Serata di grande successo ieri alla Scala per la seconda giornata del Ring affidato alla coppia Barenboim Cassiers. Consensi di pubblico più per la parte musicale che per quelle visiva, ma nessuna eccellenza da parte di nessuno. Anzi, un po’di noia perché il problema di questo Ring pare essere l’assenza di idee.Barenboim ha diretto a corrente alternata, prevalentemente su toni lirici, come da sempre è il suo Wagner, ma stavolta in modo incoerente e spesso contrario allo sviluppo del dramma, dove ad ogni momento topico il maestro ha finito per “tirare indietro”.. La buca ha suonato con poca cavata e limitata intensità sonora, nei legni soprattutto, spesso soccombenti agli ottoni nei momenti grandiosi, afflitta anche da una lentezza snervante, talora inadeguata al palco, come al duetto Brünnhilde-Siegmund, “Siegmund, sieh auf mich”, o al I atto, senza slancio come in certi momenti del duetto Siegmund-Sieglinde, dove ha finito per mancare nella resa dell’intensa passione dei due amanti incestuosi. In altri passi, come all’apertura del terzo atto, il volume è anche arrivato, ma senza vero vigore drammatico, con un’orchestra incolore, caratteristica che si sta facendo pericolosamente abituale per il complesso scaligero. Idem dicasi per il finale II, privo dell’esatta esplosiva forza drammatica di Wagner nel descrivere l’ira del dio. Altre volte ha, invece, diretto molto bene, come al grande finale di Wotan, o in altri diversi passi del duetto tra i due amanti al I atto, ma sempre in chiave lirica.
Di fondo, alla direzione del maestro sono mancati la continuità nel sostegno drammaturgico dell’azione, ed alludo al secondo atto in particolare, dove ha apertamente latitato ( dirigendo con la partitura davanti ...) sino all’arrivo della Valchiria, come pure dal punto di vista della resa cromatica delle varie scene, e dell’alternarsi delle situazioni all’interno di ciascuna di esse. Da sempre ammiratore di Furtwängler, il maestro Barenboim ha dato vita ad una prova diametralmente opposta, in fatto di resa cromatica e dinamica, a quelle del suo predecessore, che sapeva sostenere con ben altra forza anche certi momenti difficili della partitura, come il lunghissimo monologo di Wotan all’atto II. L’intreccio dei temi è arrivato con poca eloquenza e capacità narrativa, i personaggi non caratterizzati dall’orchestra. Abbiamo udito all’inizio del I atto una notte piovosa ma non tempestosa, il preludio al II secondo che pareva una passeggiata più che la fuga disperata dei due Welsungi, senza presagi di battaglia o l’epica del Walhalla; la calcata delle Valchirie più rumorosa che selvaggia; un annuncio di morte più conversativo che funebre. Insomma, è possibile che l’orchestra contenuta sia derivata da un cast che, nel canto in sourplesse, era generalmente carente di volume e penetrazione, ma la lentezza innaturale e forzata perseguita dal maestro, contraria alle necessità dei cantanti, come la mancanza di eloquenza ci fa ritenere che si tratti di scelte volute ed incondizionate di cui il maestro è il solo architetto.
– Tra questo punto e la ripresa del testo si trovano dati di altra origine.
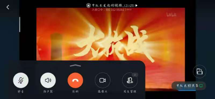 学生2大队大队长冯宇铭召开学生线上会议,通过播放《大抗战》纪录片的形式,教育同学们要牢记过去,学习先进精神,立足现在,锻炼完善自我;展望未来,肩负历史使命。
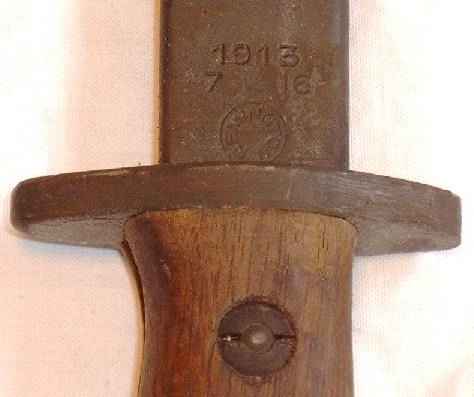 Es handelt sich um ein ehemals britisches P13-Bajonett aus Remington-Fertigung (Juli 1916). Der Mündungsring wurde entfernt und die Klinge gekürzt. Eine ehemals amerikanische M1917-Scheide wurde ebenfalls gekürzt, und statt der entfernten US-Aufhängung ein neuer Leder-Aufhänger angebracht. Das Messer wurde in dieser Form bei der französischen Armee eingesetzt. |
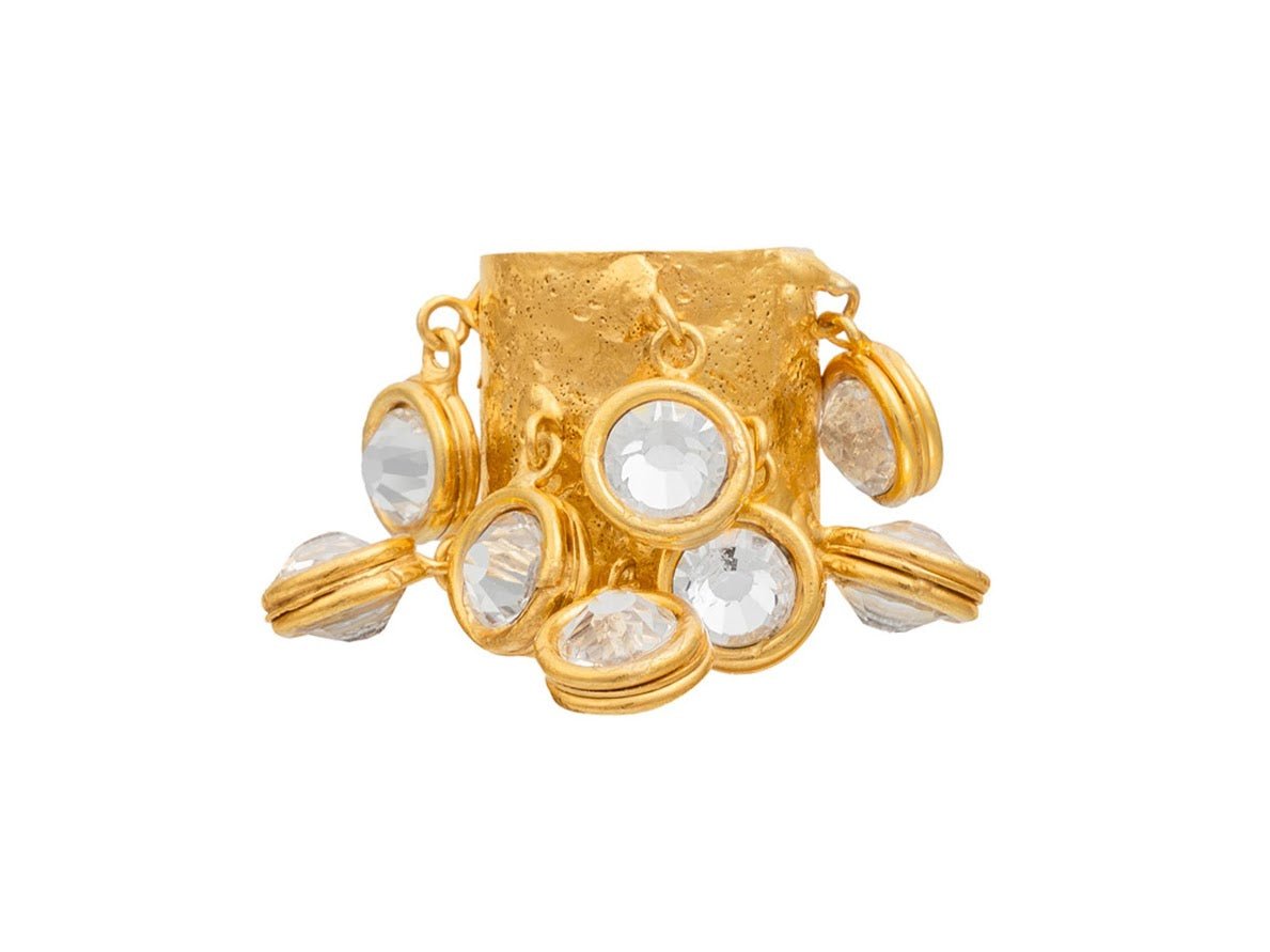 From Sylvia Toledano and made in France: Made of 22k gold over brass, this dazzling ring features multiple Swarovski crystals, all set on tiny chains for movement and delight. Nickel free.
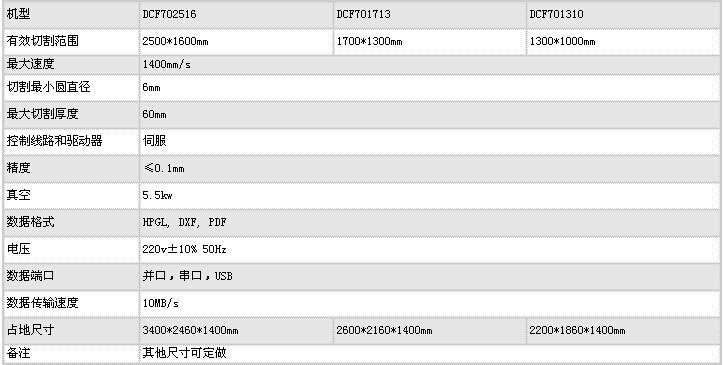 復(fù)合材料切割機(jī)的技術(shù)參數(shù):

Si è avuta l’impressione di un approccio piuttosto indifferente da parte di Barenboim, mirato soltanto ad alcuni momenti particolari o popolari, di grande effetto e per nulla interessato da altre parti, come l’intero secondo atto, quasi che alla base della sua direzione mancasse una concezione generale dell’opera con cui caratterizzare testo e sviluppo dell’azione.
Cast composto ora da anziani esponenti del “Bayreuth style”, ora da cantanti meno giovani, per altri motivi comunque limitati quanto i primi.
Espertissimi del canto wagneriano, W. Meier e J. Tomlinson, disinvolti scenicamente ma vocalmente senescenti. La prima, amatissima dal pubblico scaligero, ha cercato di risolvere la sua Sieglinde con le consuete doti di attrice, assai poco efficaci e spendibili nel ruolo, per giunta in un allestimento privo di regia. La voce della signora Meier è ridotta di volume ( rare le sue incursioni nel canto sul “forte” ), forzata e stimbrata, priva dei gravi come dei primi acuti, sovente tra il nasale ed il gutturale, priva di legato. Si è barcamenata con mestiere, ora parlando, ora toccando appena certe note scomode, facendo leva sulla propria presenza e sul mestiere, e ciò le è bastato per essere “personaggio”.
Tomlinson ha cantato con voce tubata, acuti stonati e fissi, portamenti esagerati ed abusati, timbro senescente, frequentemente parlato. Difetti amplificati dall’età, ma caratteristici della sua intera carriera. Un Hunding più sgradevole che spaventoso o ieratico.
Di altra generazione, Nina Stemme Brünnhilde, Ekaterina Gubanova Fricka, Simon O’Neill Siegmund, Vitalij Kowaljow Wotan.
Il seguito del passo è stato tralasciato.